##### Input for this task #####

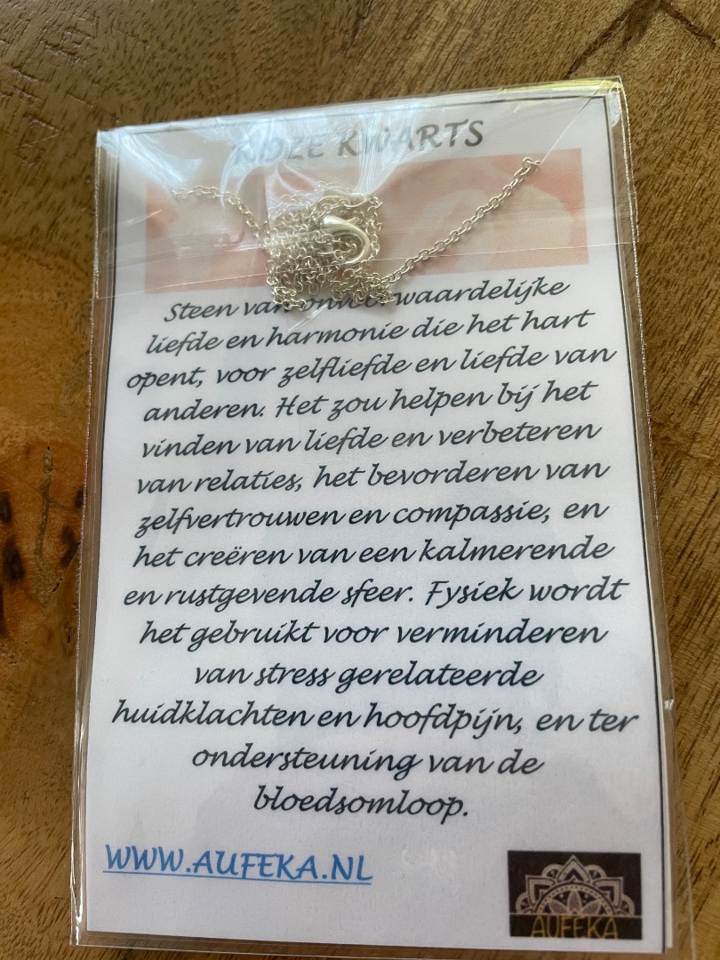 Een rozenkwartshanger in zilver is een prachtige keuze die vaak wordt geassocieerd met liefde, vrede en harmonie. Rozenkwarts staat bekend als de steen van onvoorwaardelijke liefde en zelfliefde. Het wordt gezegd dat het de hartchakra opent en bevordert, waardoor gevoelens van liefde, kalmte en vergeving worden versterkt.
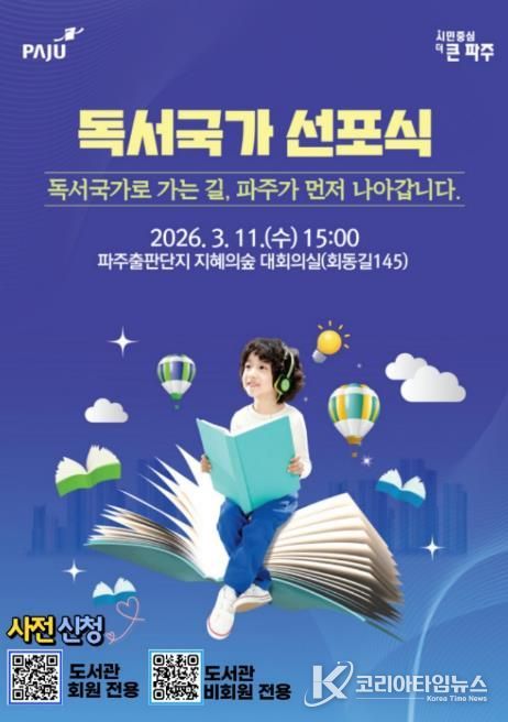 코리아타임뉴스 기동취재팀 | 파주시는 오는 11일 15시, 파주출판도시 지혜의숲 대회의실에서 ‘파주시 독서국가 선포식’을 개최하고 책 읽는 도시를 넘어 ‘독서국가’로 나아가기 위한 힘찬 출발을 알린다.
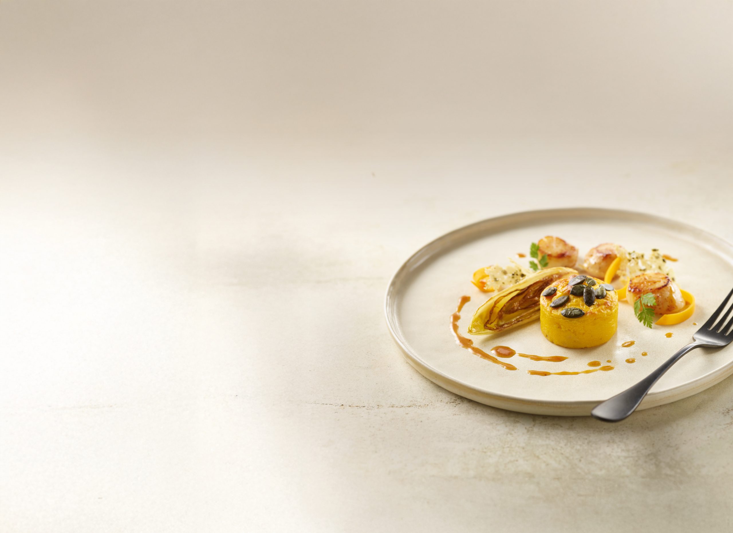 Traiteur de Paris > Recipe Inspiration > Festive Recipes > Recipe – Butternut Squash Mousseline, Seared scallops braised endives
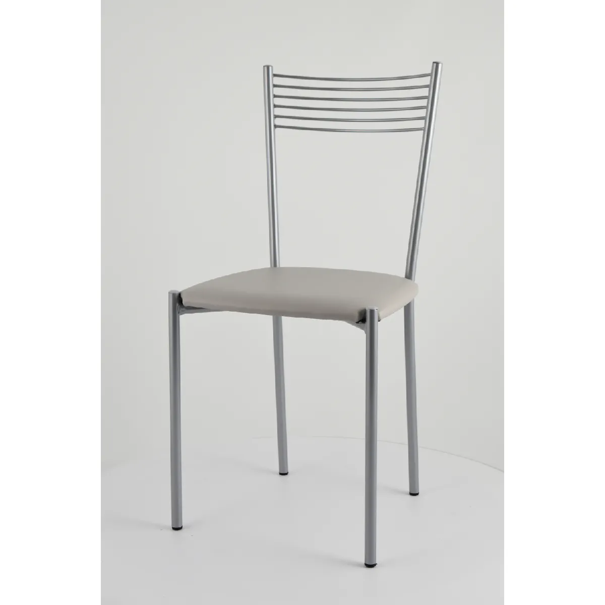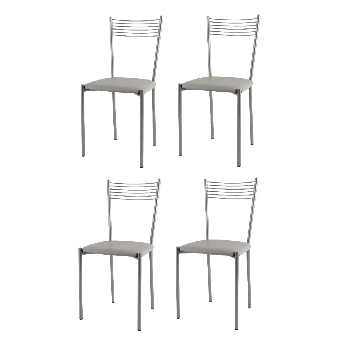 T M C S Tommychairs - Set 4 chaises Elegance structure en acier peindré alluminium, assise revêtue en cuir artificiel gris clair |
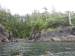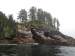 Trees to the edge of the bluff and rocks standing on the beaches.
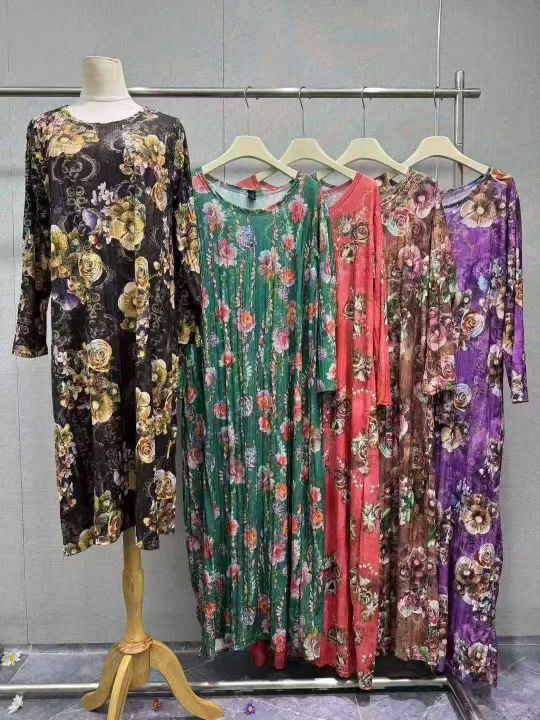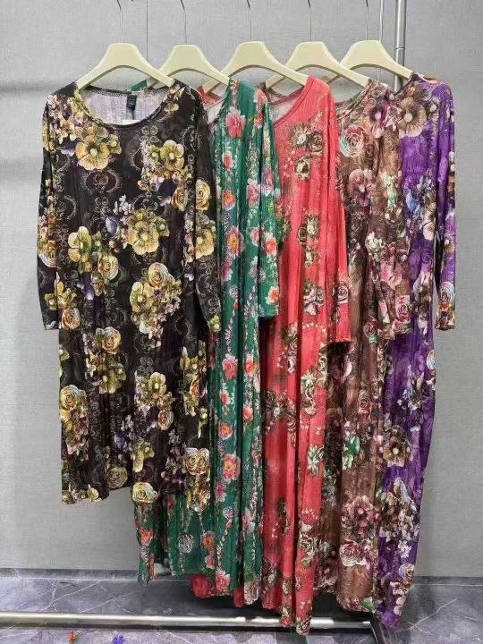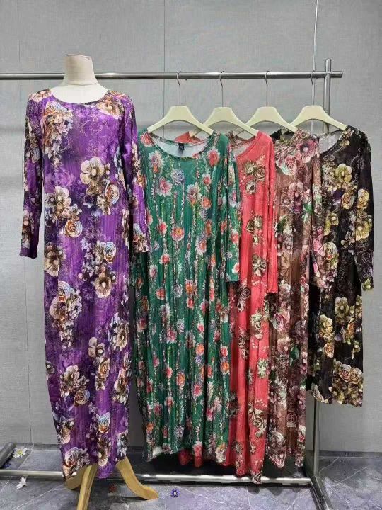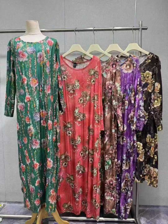 清2500条,高端大码女装遮肚显瘦纯棉连衣裙复古加肥加大,大摆老年人沙滩裙,裙长130厘米。
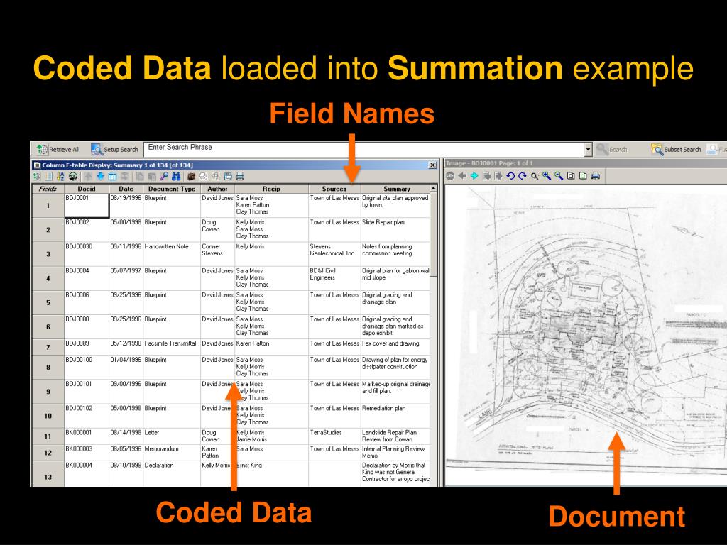 Coded Data loaded into Summation example Field Names Coded Data Document
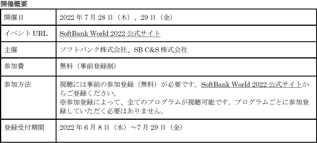 「SoftBank World 2022」を7月28~29日にオンラインで開催
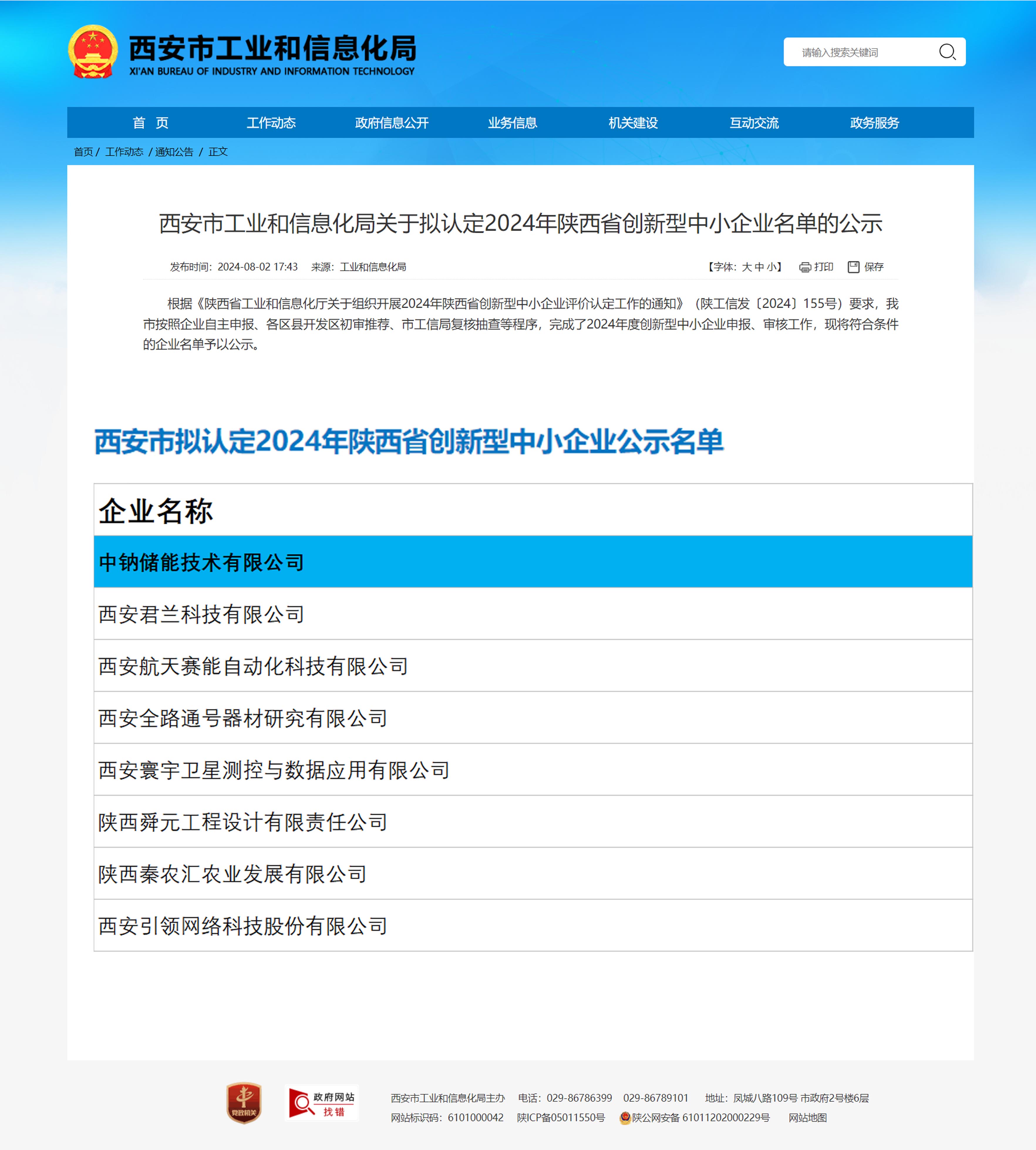 2024年8月2日,根據(jù)《陜西省工業(yè)和信息化廳關(guān)于組織開展2024年陜西省創(chuàng)新型中小企業(yè)評(píng)價(jià)認(rèn)定工作的通知》(陜工信發(fā)〔2024〕155號(hào))要求,西安市工業(yè)和信息化局完成了2024年度創(chuàng)新型中小企業(yè)申報(bào)、審核工作,并予以公示。經(jīng)過征集申報(bào)、初步審核、專家評(píng)審等評(píng)選程序,中鈉儲(chǔ)能技術(shù)有限公司(下稱“中鈉儲(chǔ)能”)以絕對(duì)的攻關(guān)技術(shù)和研發(fā)創(chuàng)新實(shí)力成功入選。

#####

Write out exactly, with no pictures, each line from the one containing "코리아타임뉴스 기동취재팀 |" through the last line of the listing above, both included.

 코리아타임뉴스 기동취재팀 | 파주시는 오는 11일 15시, 파주출판도시 지혜의숲 대회의실에서 ‘파주시 독서국가 선포식’을 개최하고 책 읽는 도시를 넘어 ‘독서국가’로 나아가기 위한 힘찬 출발을 알린다.
 Traiteur de Paris > Recipe Inspiration > Festive Recipes > Recipe – Butternut Squash Mousseline, Seared scallops braised endives
 T M C S Tommychairs - Set 4 chaises Elegance structure en acier peindré alluminium, assise revêtue en cuir artificiel gris clair |
 Trees to the edge of the bluff and rocks standing on the beaches.
 清2500条,高端大码女装遮肚显瘦纯棉连衣裙复古加肥加大,大摆老年人沙滩裙,裙长130厘米。
 Coded Data loaded into Summation example Field Names Coded Data Document
 「SoftBank World 2022」を7月28~29日にオンラインで開催
 2024年8月2日,根據(jù)《陜西省工業(yè)和信息化廳關(guān)于組織開展2024年陜西省創(chuàng)新型中小企業(yè)評(píng)價(jià)認(rèn)定工作的通知》(陜工信發(fā)〔2024〕155號(hào))要求,西安市工業(yè)和信息化局完成了2024年度創(chuàng)新型中小企業(yè)申報(bào)、審核工作,并予以公示。經(jīng)過征集申報(bào)、初步審核、專家評(píng)審等評(píng)選程序,中鈉儲(chǔ)能技術(shù)有限公司(下稱“中鈉儲(chǔ)能”)以絕對(duì)的攻關(guān)技術(shù)和研發(fā)創(chuàng)新實(shí)力成功入選。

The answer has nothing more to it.